Matěj SPURNÝ, Institute of Economic and Social History, Faculty of Arts, Charles University, Prague
A quiet revolution in a period of timelessness. The transformations of the relation toward the environment in Czechoslovakia 1968–1989

The essential role played by ecologists and ecological criticism in the final phase of delegitimization of communist dictatorship in Czechoslovakia, is usually attributed to the degree of devastation of the natural environment resulting from lignite mining and air pollution caused by North Bohemian power plants. My approach is different. I understand the ecological criticism of the second half of the 1980s as the result of a fundamental societal change which occurred paradoxically in the era that Václav Havel once called “timelessness”. Beneath the surface of apparent immobility represented by rigid normalization political culture, a process similar to that taking place in Western Europe or the USA in the late 1960s also occurred in Czechoslovakia. From the point of view of social history, we can describe this process as a crisis of organized modernity (and, according to Ulrich Beck, the transition to reflexive modernity). Instead of focusing on theoretical reflection I’ll try to show the re-evaluation of key paradigms (such as modernization or progress) on the example of changes in the relationship to nature, the cultural landscape, but also to the urban environment, in which accents gradually move from modernization to heritage care. My presentation will be based on the long-term research devoted to the North Bohemian city of Most, but also on other sub-researches devoted to ecological and conservation epistemic communities, or the influence of the media discourse on the transformation of discourses about these key topics of human existence in the world.

More on the whole seminar here.

CEFRES Seminar #4

When: Friday, November 11th, 16:30 a.m.
Where: CEFRES Library, Na Florenci 3, Prague and online (please contact cefres[@]cefres.cz
Language: English

The fourth session of CEFRES seminar will be hosted by two researchers:

Jan Kremer (PhD candidate, Charles University / CEFRES) :
Ludohistorical Representations of Religion and Spirituality: Historical Culture and Digital Remediation

Abstract

The paper analyzes digital medievalism constructed in Kingdom Come: Deliverance (Warhorse 2018). It focuses on ludic mechanics, characters and game lore related to religious elements and tries to contextualize them within both the past and contemporary artifacts of Czech popular history.

Julien Wacquez (post-doctorant, CEFRES) :
Approaching Matters: Socio-Historical Perspectives on What Is to Come

Abstract

It is impossible to know what will happen, to determine what the future will be like.

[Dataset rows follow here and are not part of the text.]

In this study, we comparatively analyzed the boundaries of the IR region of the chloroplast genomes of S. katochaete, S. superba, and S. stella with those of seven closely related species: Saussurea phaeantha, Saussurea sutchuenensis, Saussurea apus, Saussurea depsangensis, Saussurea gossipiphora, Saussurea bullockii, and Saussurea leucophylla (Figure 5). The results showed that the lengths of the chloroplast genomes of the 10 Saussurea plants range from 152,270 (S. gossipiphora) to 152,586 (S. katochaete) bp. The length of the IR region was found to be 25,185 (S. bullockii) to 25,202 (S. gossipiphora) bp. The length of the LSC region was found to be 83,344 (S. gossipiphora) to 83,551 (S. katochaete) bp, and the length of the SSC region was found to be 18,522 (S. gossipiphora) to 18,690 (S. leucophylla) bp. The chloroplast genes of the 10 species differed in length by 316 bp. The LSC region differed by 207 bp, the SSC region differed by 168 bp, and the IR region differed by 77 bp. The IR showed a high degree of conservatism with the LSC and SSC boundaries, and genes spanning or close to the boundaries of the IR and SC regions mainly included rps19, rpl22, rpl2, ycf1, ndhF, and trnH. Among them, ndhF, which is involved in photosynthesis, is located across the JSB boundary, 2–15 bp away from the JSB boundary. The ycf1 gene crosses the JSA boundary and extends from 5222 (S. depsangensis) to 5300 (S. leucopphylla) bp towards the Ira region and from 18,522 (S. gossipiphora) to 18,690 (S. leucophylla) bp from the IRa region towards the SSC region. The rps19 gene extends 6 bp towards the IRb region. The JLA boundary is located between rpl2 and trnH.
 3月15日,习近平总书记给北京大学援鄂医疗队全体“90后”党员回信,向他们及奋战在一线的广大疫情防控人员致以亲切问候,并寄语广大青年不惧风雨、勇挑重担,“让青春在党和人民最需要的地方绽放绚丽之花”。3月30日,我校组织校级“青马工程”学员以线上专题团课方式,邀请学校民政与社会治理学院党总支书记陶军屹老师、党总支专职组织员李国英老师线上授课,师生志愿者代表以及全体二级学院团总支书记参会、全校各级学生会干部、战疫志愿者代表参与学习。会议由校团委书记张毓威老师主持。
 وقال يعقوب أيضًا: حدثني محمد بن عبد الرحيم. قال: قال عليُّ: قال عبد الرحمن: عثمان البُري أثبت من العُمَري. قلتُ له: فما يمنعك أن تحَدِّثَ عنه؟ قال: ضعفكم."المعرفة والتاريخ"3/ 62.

What will the world after the multiple ongoing crises look like, for example? A scientific investigation cannot rigorously account for it, for this future world does not yet exist—so it is not. We can neither experience it, concretely live it, nor observe it, collect data about it. And perhaps that this future world will never happen.

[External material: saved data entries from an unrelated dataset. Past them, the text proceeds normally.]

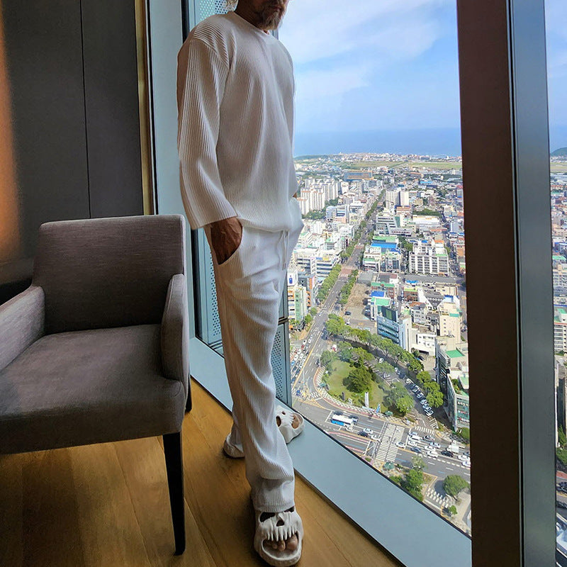 Men's Casual Ribbed Knit Set with 3/4 Sleeves and Comfortable Pants Ivyshape
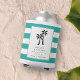 Comemore o seu casamento no estilo moderno tropical com este favor de casamento, que inclui um par de silhuetas de palmeiras em preto, com os nomes dos casais, a data do casamento e a localização por baixo. Um aqua de turquesa de praia e fundo listrado branco acrescentam talento costeiro de verão.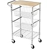 Amazon Basics 3-Tier Metal Basket Rolling Cart with Wood Top, Silver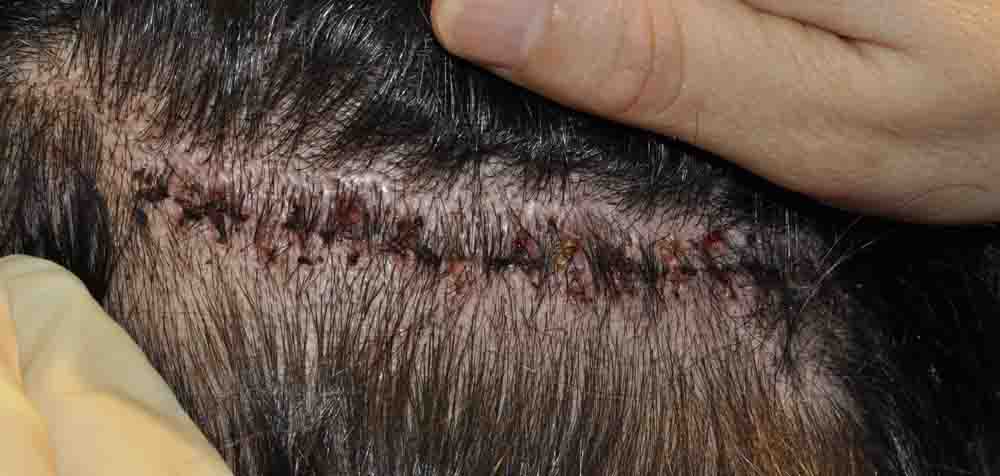 He had gone to a big chain hair operation several years back and got 2000 grafts with little to show for it except a pretty big scar. We did a large case for him and got great results last year. In that case-story I explained how we took our strip up to but not including is old scar, which was a pretty bad scar to begin with, as the patient wanted the most hair we could do, and felt he'd come back later for the scar.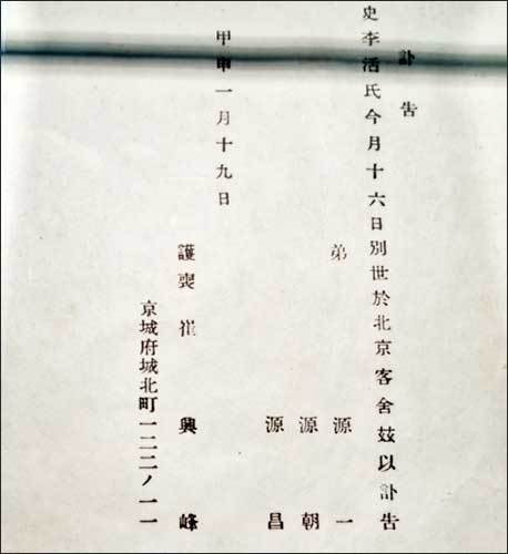 ▲ 이육사 부고(이육사문학관)

The project Approaching Matters considers this absence of being, this lack of phenomenality and observability, as a driving force for a range of practices specialized in bringing the future into presence. If all our everyday actions tend—consciously or unconsciously—towards a certain future, there are fields of activities that explicitly intend to take charge of the future in the present tense, be they scientific or technologic, administrative or managerial, spiritual or esoteric, artistic or literary. Science Fiction, Futurology, Prediction: all these practices offer us a repertoire of scenarios, speculations, models, simulations and other methods to achieve the impossible task of producing “knowledge” about what cannot be known—the future.